Rental Yields: What Can You Actually Earn?

Dubai gross rental yields in 2026 range from approximately 5% to 9%, depending on location and property type:

Property Type / Area

Gross Yield

Studio / 1-bed, JVC

7–9%

1-bed apartment, Dubai Marina

5–7%

2-bed apartment, Business Bay

5–6%

3-bed villa, Arabian Ranches

4–6%

Important: Gross yield is not net yield. Deduct service charges (AED 10–25 per sq ft per year), landlord insurance, maintenance, occasional vacancy, and property management fees (~5–8% of annual rent if using an agent). Net yields are typically 1.5–3% lower than gross.

Dubai Property vs ETF Investing: Which Is Better?

This is the question most expats eventually ask. The honest answer: both have a role, and they serve different functions.

Factor

Dubai Property

UCITS ETFs

Entry cost

High (20% deposit + 6–7% costs)

Very low (any amount)

Liquidity

Low (weeks to months to sell)

High (sell same day)

Leverage

Available (mortgage)

Generally not recommended

Income

Rental yield (5–8% gross)

Dividends or NAV growth

Diversification

Concentrated (one asset)

Highly diversified

Capital growth

Strong historically in Dubai

Strong globally

Management

Active (tenants, maintenance)

Passive (buy and hold)

UAE tax treatment

No capital gains, no rental income tax

No capital gains, no dividend tax

The strongest retirement strategy for UAE expats typically combines both: property for leveraged income, ETFs for liquid diversified growth.

Key Risks to Understand

  • Illiquidity: You cannot sell a property in a week. In a downturn, you may not be able to sell at all without taking a loss.

  • Concentration risk: One property in one city is a large single bet.

  • Service charge increases: Have risen significantly in some communities in recent years.

  • Rental vacancy: Budget for 1–2 months of vacancy per year.

  • Currency risk: If you retire outside the UAE, AED-denominated rental income may fluctuate against your spending currency (though AED is pegged to USD, which reduces this somewhat).

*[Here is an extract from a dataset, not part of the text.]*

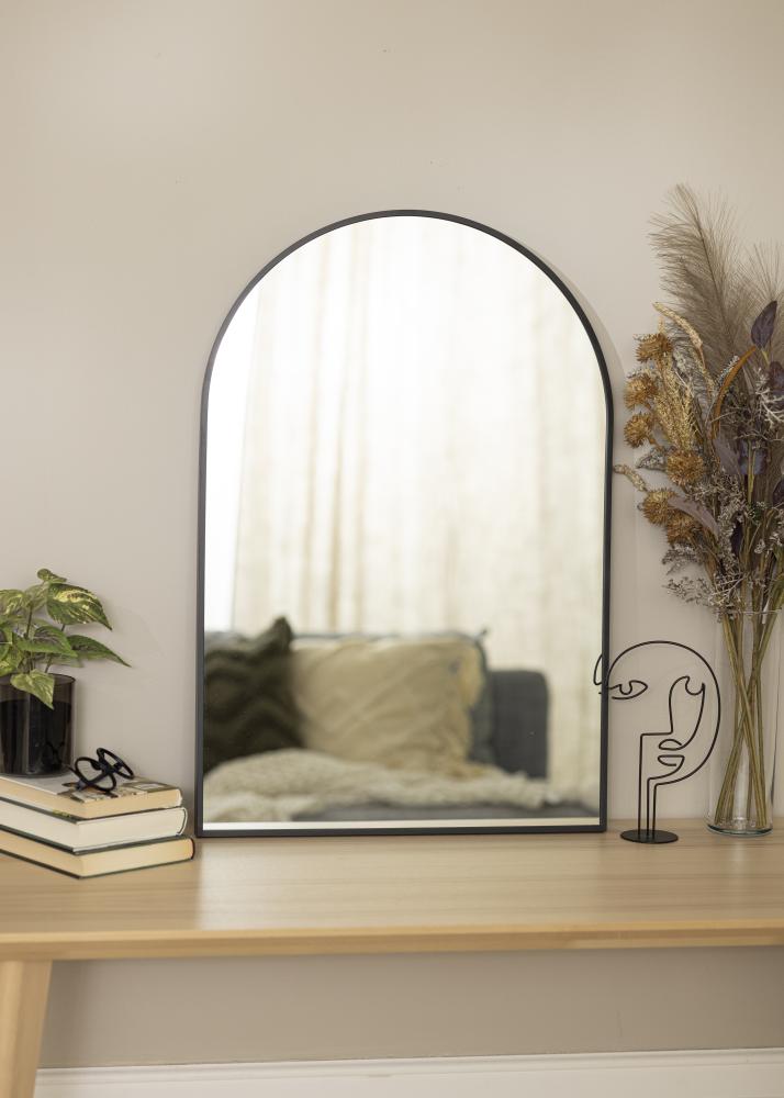 Esta es una excelente opción para aquellos que buscan un espejo de diseño moderno con una elegante forma arqueada y un elegante marco negro. El marco del espejo tiene 28 mm de profundidad y está hecho de metal. Este espejo se convertirá en un detalle decorativo imprescindible en el recibidor o la sala de estar, donde reflejará la luz de todas las fuentes de luz de la habitación de manera hermosa. El material resistente también permite su uso en el baño.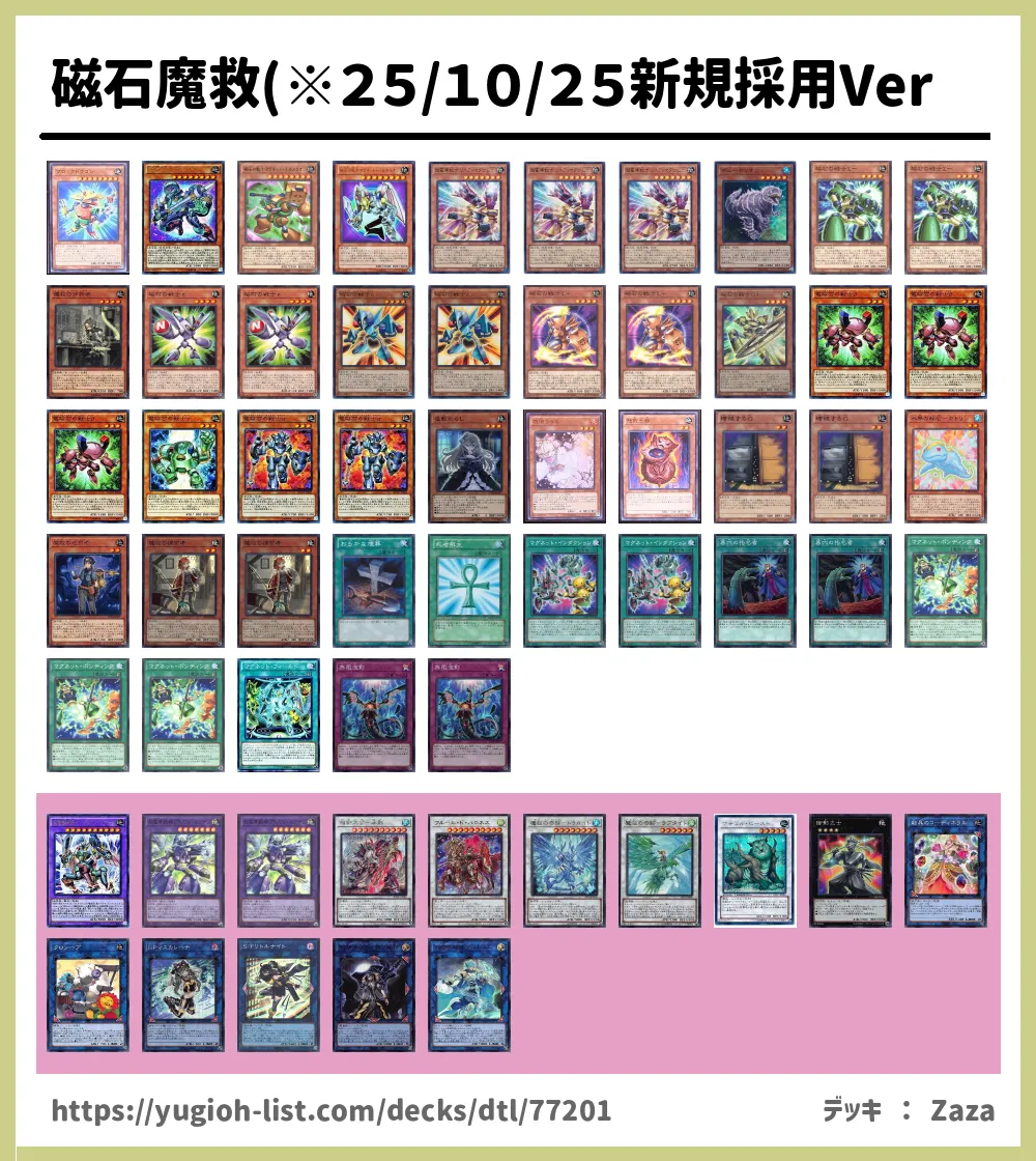 磁石魔救(※25/10/25新規採用Ver デッキレシピ・デッキ紹介 (Zazaさん 投稿日時:2025/10/28 00:53)

Is Now a Good Time to Buy?

Dubai property prices have risen significantly over 2021–2024 and remained elevated into 2026. Some communities have seen 50–80% price appreciation over four years. Whether this continues, stabilises, or corrects depends on factors no one can predict with certainty — global interest rates, UAE visa policy, geopolitical flows of capital.

What is clear: buying for the long term (10+ years), with a reasonable deposit and manageable mortgage, has historically rewarded patient investors in Dubai. Buying to flip within 2–3 years carries significantly more risk.

This article is for informational purposes only and does not constitute financial or property advice. Property prices and regulations are subject to change.